Skip the pictures and repeat each line of the data exactly.

### [Source material]
>>>>>

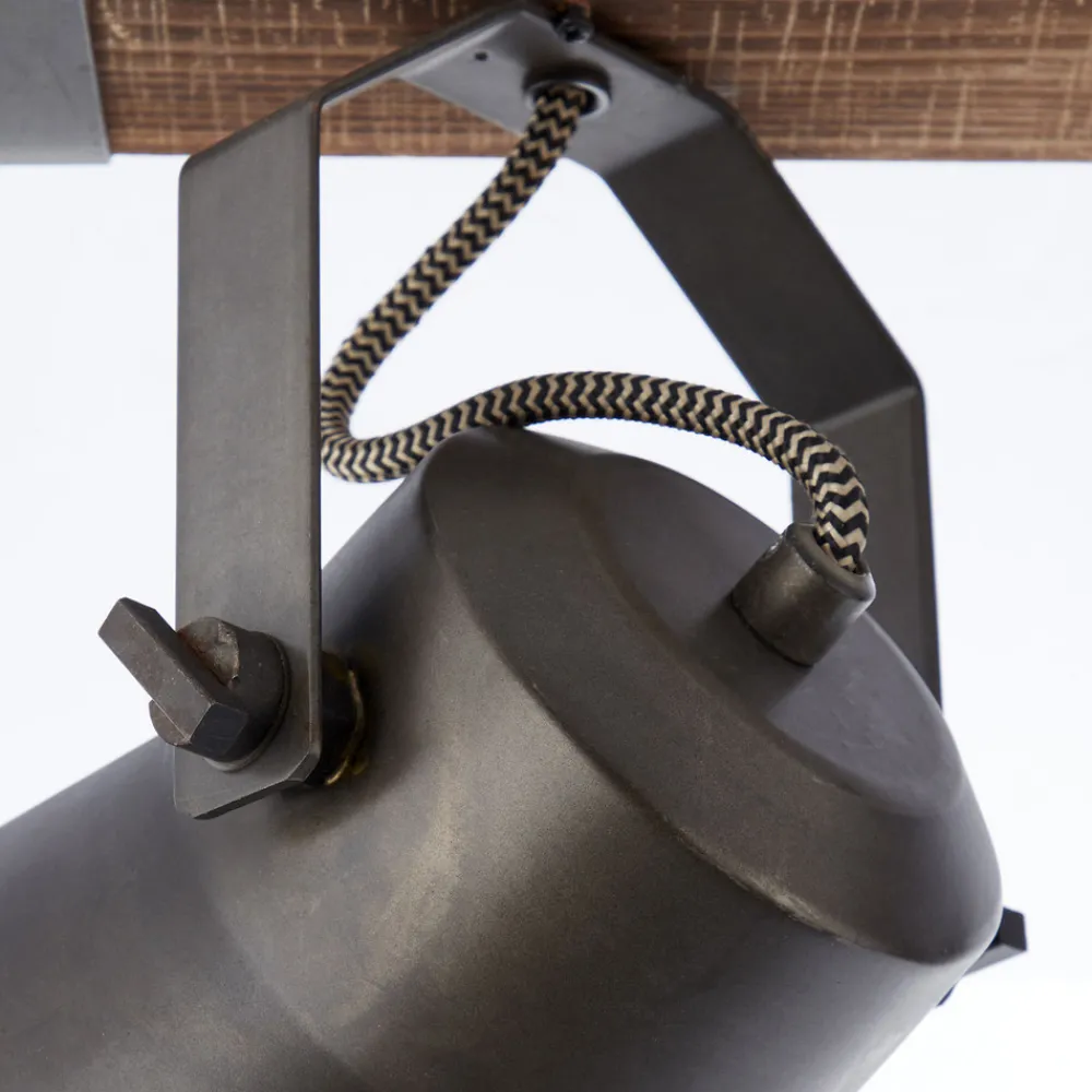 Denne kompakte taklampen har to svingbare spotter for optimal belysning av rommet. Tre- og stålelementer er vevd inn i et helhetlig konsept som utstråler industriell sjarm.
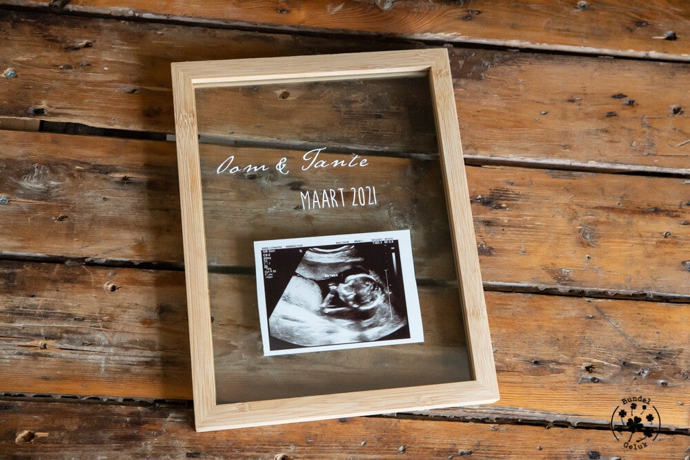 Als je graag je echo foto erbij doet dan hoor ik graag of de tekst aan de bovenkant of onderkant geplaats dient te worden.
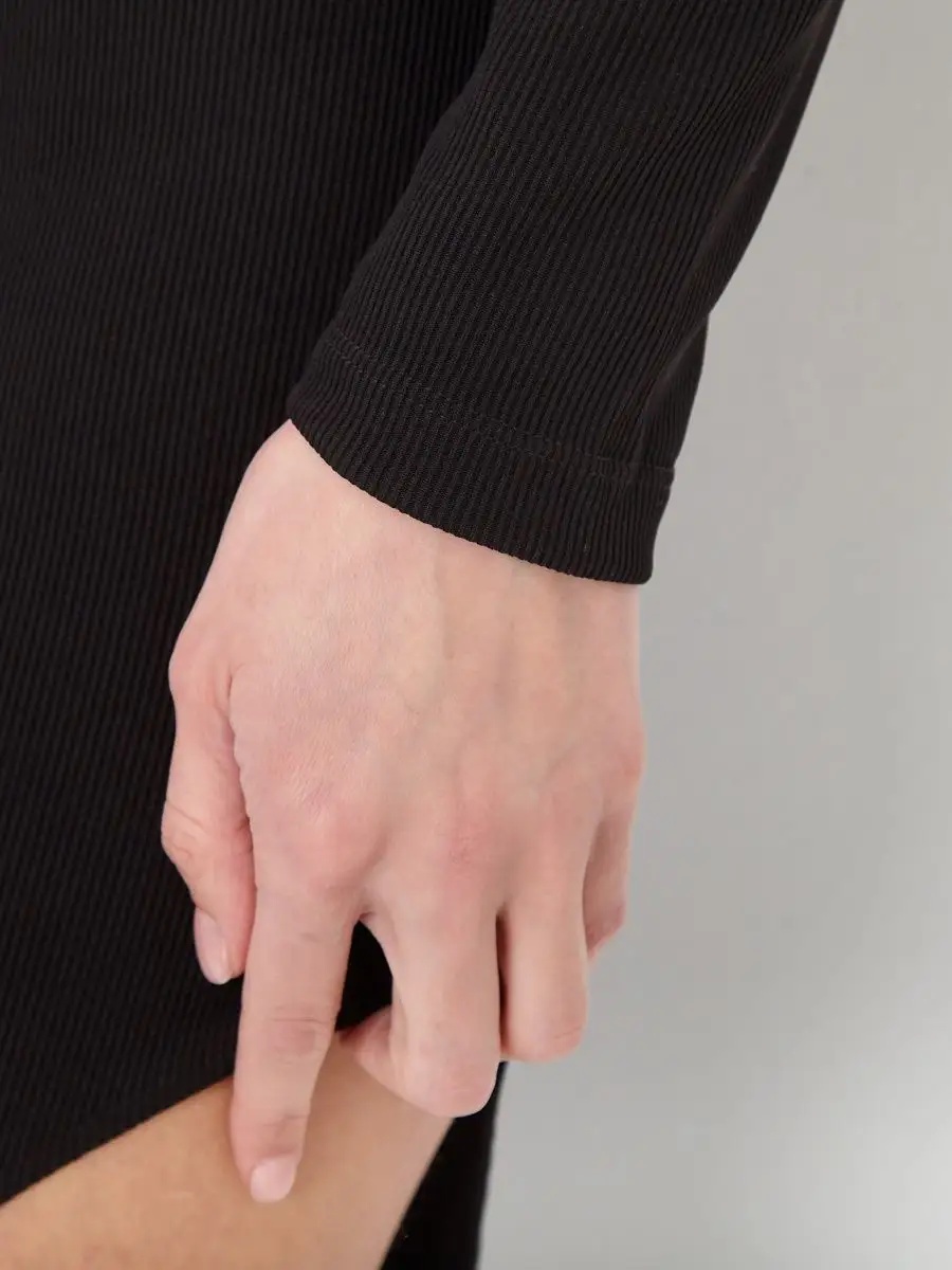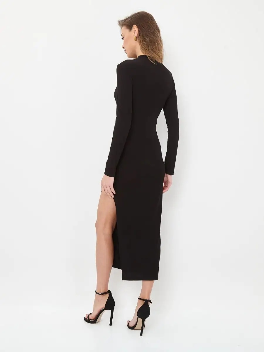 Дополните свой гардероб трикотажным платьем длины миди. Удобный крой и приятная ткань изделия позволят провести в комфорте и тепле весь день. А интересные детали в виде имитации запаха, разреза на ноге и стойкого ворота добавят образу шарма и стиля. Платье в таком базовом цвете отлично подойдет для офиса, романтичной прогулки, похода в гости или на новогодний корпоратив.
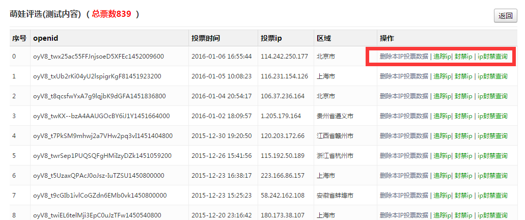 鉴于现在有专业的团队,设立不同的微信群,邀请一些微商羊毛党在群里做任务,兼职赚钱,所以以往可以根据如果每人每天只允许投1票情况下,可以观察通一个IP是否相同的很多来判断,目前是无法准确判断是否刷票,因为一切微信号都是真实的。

<<<<<

### [Solution below]
 Denne kompakte taklampen har to svingbare spotter for optimal belysning av rommet. Tre- og stålelementer er vevd inn i et helhetlig konsept som utstråler industriell sjarm.
 Als je graag je echo foto erbij doet dan hoor ik graag of de tekst aan de bovenkant of onderkant geplaats dient te worden.
 Дополните свой гардероб трикотажным платьем длины миди. Удобный крой и приятная ткань изделия позволят провести в комфорте и тепле весь день. А интересные детали в виде имитации запаха, разреза на ноге и стойкого ворота добавят образу шарма и стиля. Платье в таком базовом цвете отлично подойдет для офиса, романтичной прогулки, похода в гости или на новогодний корпоратив.
 鉴于现在有专业的团队,设立不同的微信群,邀请一些微商羊毛党在群里做任务,兼职赚钱,所以以往可以根据如果每人每天只允许投1票情况下,可以观察通一个IP是否相同的很多来判断,目前是无法准确判断是否刷票,因为一切微信号都是真实的。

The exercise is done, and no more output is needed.